* **What you are asked to do**
Leave out the images; return the rest of the data exactly.

* **Given material**
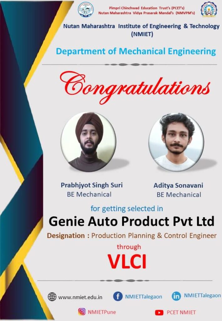 Heartily Congratulations for getting Placed in Genie Auto Products Pvt Ltd through VLCI :
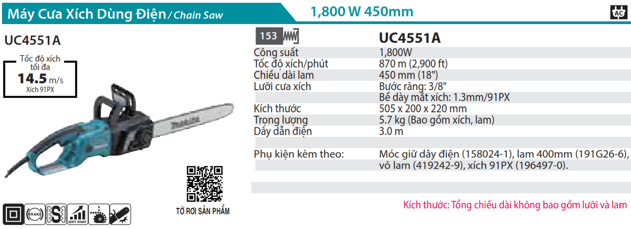 Giới thiệu sản phẩm MÁY CƯA XÍCH DÙNG ĐIỆN Makita UC4551A
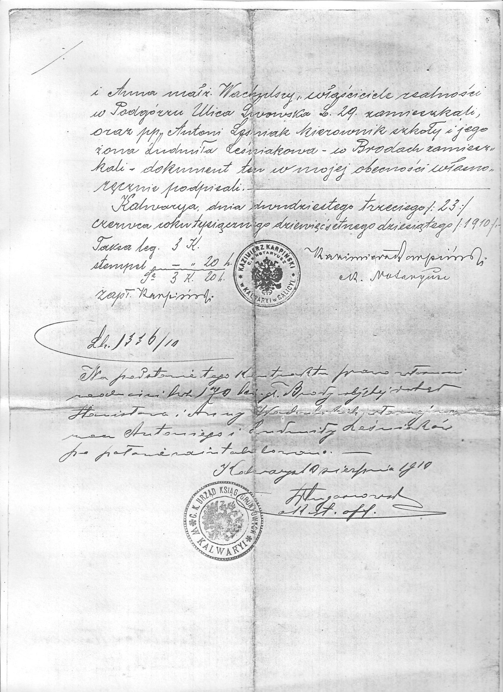 Poświadczam, że znani mi osobiście pp. Stanisław i Anna małż. Wachulscy, właściciele realności w Podgórzu Ulica Lwowska L. 29 zamieszkali, oraz p. p. Antoni Leśniak kierownik szkoły i jego żona Ludmiła Leśniakowa — w Brodach zamieszkali — dokument ten w mojej obecności własnoręcznie podpisali.
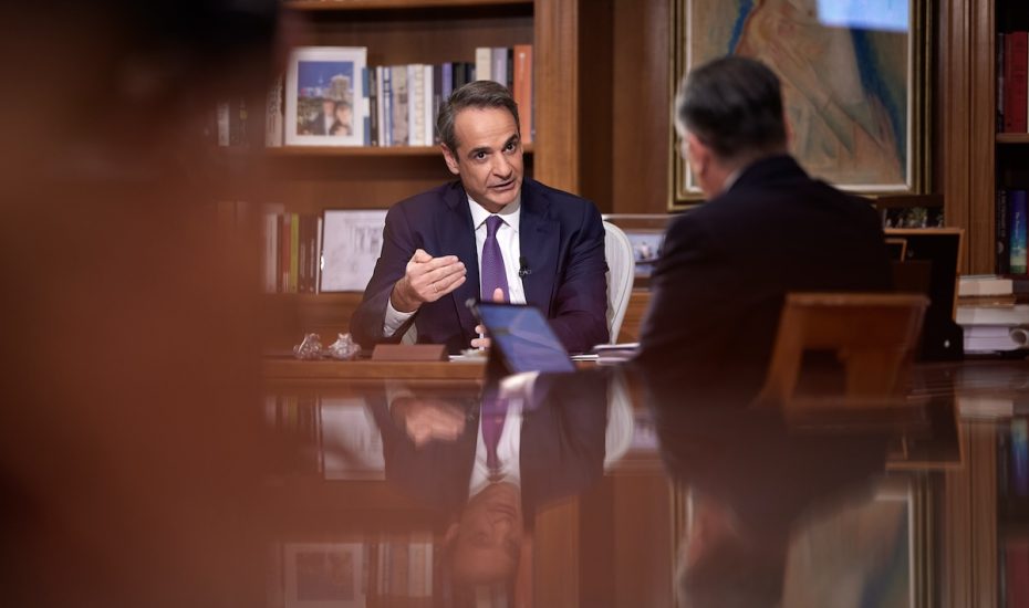 Συνέντευξη του Πρωθυπουργού Κυριάκου Μητσοτάκη στο κεντρικό δελτίο ειδήσεων της ΕΡΤ και στον δημοσιογράφο Γιώργο Κουβαρά. Τετάρτη 10 Ιανουαρίου 2024 (ΔΗΜΗΤΡΗΣ ΠΑΠΑΜΗΤΣΟΣ/ΓΡΑΦΕΙΟ ΤΥΠΟΥ ΠΡΩΘΥΠΟΥΡΓΟΥ/EUROKINISSI)

* **Written response**
 Heartily Congratulations for getting Placed in Genie Auto Products Pvt Ltd through VLCI :
 Giới thiệu sản phẩm MÁY CƯA XÍCH DÙNG ĐIỆN Makita UC4551A
 Poświadczam, że znani mi osobiście pp. Stanisław i Anna małż. Wachulscy, właściciele realności w Podgórzu Ulica Lwowska L. 29 zamieszkali, oraz p. p. Antoni Leśniak kierownik szkoły i jego żona Ludmiła Leśniakowa — w Brodach zamieszkali — dokument ten w mojej obecności własnoręcznie podpisali.
 Συνέντευξη του Πρωθυπουργού Κυριάκου Μητσοτάκη στο κεντρικό δελτίο ειδήσεων της ΕΡΤ και στον δημοσιογράφο Γιώργο Κουβαρά. Τετάρτη 10 Ιανουαρίου 2024 (ΔΗΜΗΤΡΗΣ ΠΑΠΑΜΗΤΣΟΣ/ΓΡΑΦΕΙΟ ΤΥΠΟΥ ΠΡΩΘΥΠΟΥΡΓΟΥ/EUROKINISSI)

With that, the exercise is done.